Data Science and Big Data Computing
Author | : Zaigham Mahmood |
Publsiher | : Springer |
Total Pages | : 319 |
Release | : 2016-07-05 |
Genre | : Business & Economics |
ISBN | : 9783319318615 |
Download Data Science and Big Data Computing Book in PDF, Epub and Kindle
This illuminating text/reference surveys the state of the art in data science, and provides practical guidance on big data analytics. Expert perspectives are provided by authoritative researchers and practitioners from around the world, discussing research developments and emerging trends, presenting case studies on helpful frameworks and innovative methodologies, and suggesting best practices for efficient and effective data analytics.

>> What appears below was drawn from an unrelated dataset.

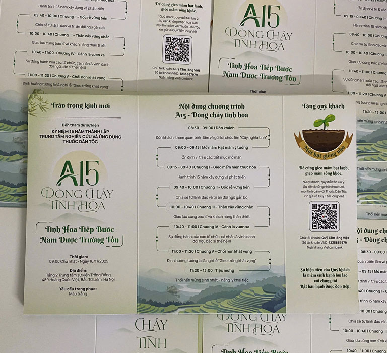 Lão cầm trên tay những tấm thiệp đầu tiên chuẩn bị gửi đi cho dịp kỷ niệm 15 năm thành lập Trung tâm Thuốc Dân Tộc – mà lòng bồi hồi không sao tả nổi. Nhìn từng dòng chữ in, từng hạt giống nhỏ xíu đính kèm, Lão không coi đây là thiệp mời đơn thuần – mà là tấm chân tình, là lời hẹn gặp của chặng đường 15 năm vun trồng tinh hoa Y học cổ truyền.
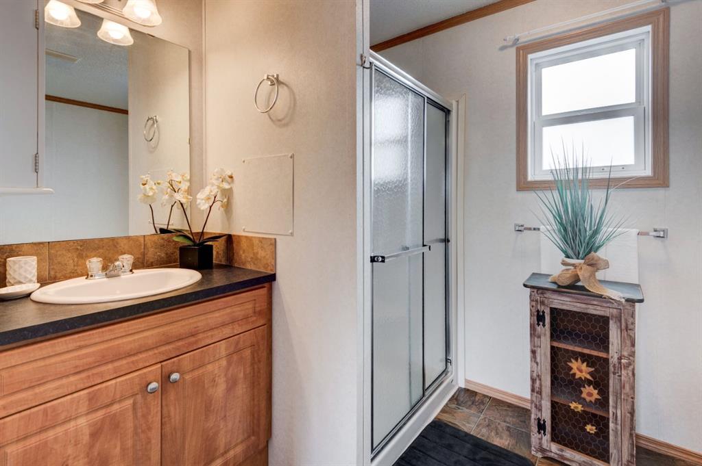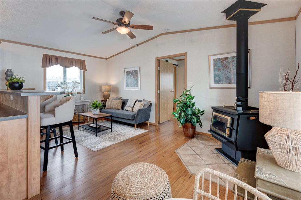 Enter into this immaculate and charming Custom Built 2013 manufactured home, 1120 sf home located in the plus-18 section of Mountview. Prepare to be impressed with everything this home has to offer. It is spacious with vaulted ceilings, bright and airy with the many windows in the living area, and the entire home, and open concept living. Click on the interactive iGuide for a virtual tour and "virtual walk through". This large kitchen has beautiful wood cabinets, loads of counter space to explore your culinary side, prep for your cooking and baking adventures plus plenty of room to move around. Newly installed dishwasher, newer gas stove, newer fridge. There is a large counter peninsula island that provides even more space for eating or entertaining. Adjacent to the kitchen is a spacious dining area that is drenched in light. The living room has ample space for your furniture and the open den area provides a wood burning woodstove (WETT inspection done) to keep you warm and cozy. This is a 2013 model, 20x56, with two bedrooms, two bathrooms, and has everything you could need. The primary bedroom at the front of the home has a huge ensuite with soaker tub, separate shower, and good size vanity. This bedroom can easily accommodate a king bed. The second bedroom is at the opposite end, along with a 4-piece bath, large separate laundry room with a new on-demand hot water system and back entry hall. This home has a new composite vinyl fence, new skirting, new front deck, new eavestrough and downspouts, new sewer pipes, and a newly installed electrical hookup and meter, with a City of Calgary permit. Don’t wait to view this property - you won’t be disappointed! Lease approval is required. Pets are allowed with approval. Lease rate of $1100 per month includes water, sewer, garbage pick up and snow removal. Sunpark Mountview is across from Elliston Park, minutes to East Hills Shopping Centre, Stoney Trail, International Avenue, and all levels of transit, shopping, restaurants and amenities.

Features: reviews a framework for fast data applications, a technique for complex event processing, and agglomerative approaches for the partitioning of networks; introduces a unified approach to data modeling and management, and a distributed computing perspective on interfacing physical and cyber worlds; presents techniques for machine learning for big data, and identifying duplicate records in data repositories; examines enabling technologies and tools for data mining; proposes frameworks for data extraction, and adaptive decision making and social media analysis.
Big Data Analytics
Author | : Ümit Demirbaga |
Publsiher | : Springer Nature |
Total Pages | : 299 |
Release | : 2024 |
Genre | : Electronic Book |
ISBN | : 9783031556395 |
Download Big Data Analytics Book in PDF, Epub and Kindle
Particle Physics Reference Library
Author | : Christian W. Fabjan,Herwig Schopper |
Publsiher | : Springer Nature |
Total Pages | : 1083 |
Release | : 2020 |
Genre | : Elementary particles (Physics). |
ISBN | : 9783030353186 |
Download Particle Physics Reference Library Book in PDF, Epub and Kindle
This second open access volume of the handbook series deals with detectors, large experimental facilities and data handling, both for accelerator and non-accelerator based experiments. It also covers applications in medicine and life sciences. A joint CERN-Springer initiative, the "Particle Physics Reference Library" provides revised and updated contributions based on previously published material in the well-known Landolt-Boernstein series on particle physics, accelerators and detectors (volumes 21A, B1,B2,C), which took stock of the field approximately one decade ago. Central to this new initiative is publication under full open access
Data Intensive Computing Applications for Big Data
Author | : M. Mittal,V.E. Balas,D.J. Hemanth |
Publsiher | : IOS Press |
Total Pages | : 618 |
Release | : 2018-01-31 |
Genre | : Computers |
ISBN | : 9781614998143 |
Download Data Intensive Computing Applications for Big Data Book in PDF, Epub and Kindle
The book ‘Data Intensive Computing Applications for Big Data’ discusses the technical concepts of big data, data intensive computing through machine learning, soft computing and parallel computing paradigms. It brings together researchers to report their latest results or progress in the development of the above mentioned areas. Since there are few books on this specific subject, the editors aim to provide a common platform for researchers working in this area to exhibit their novel findings. The book is intended as a reference work for advanced undergraduates and graduate students, as well as multidisciplinary, interdisciplinary and transdisciplinary research workers and scientists on the subjects of big data and cloud/parallel and distributed computing, and explains didactically many of the core concepts of these approaches for practical applications. It is organized into 24 chapters providing a comprehensive overview of big data analysis using parallel computing and addresses the complete data science workflow in the cloud, as well as dealing with privacy issues and the challenges faced in a data-intensive cloud computing environment. The book explores both fundamental and high-level concepts, and will serve as a manual for those in the industry, while also helping beginners to understand the basic and advanced aspects of big data and cloud computing.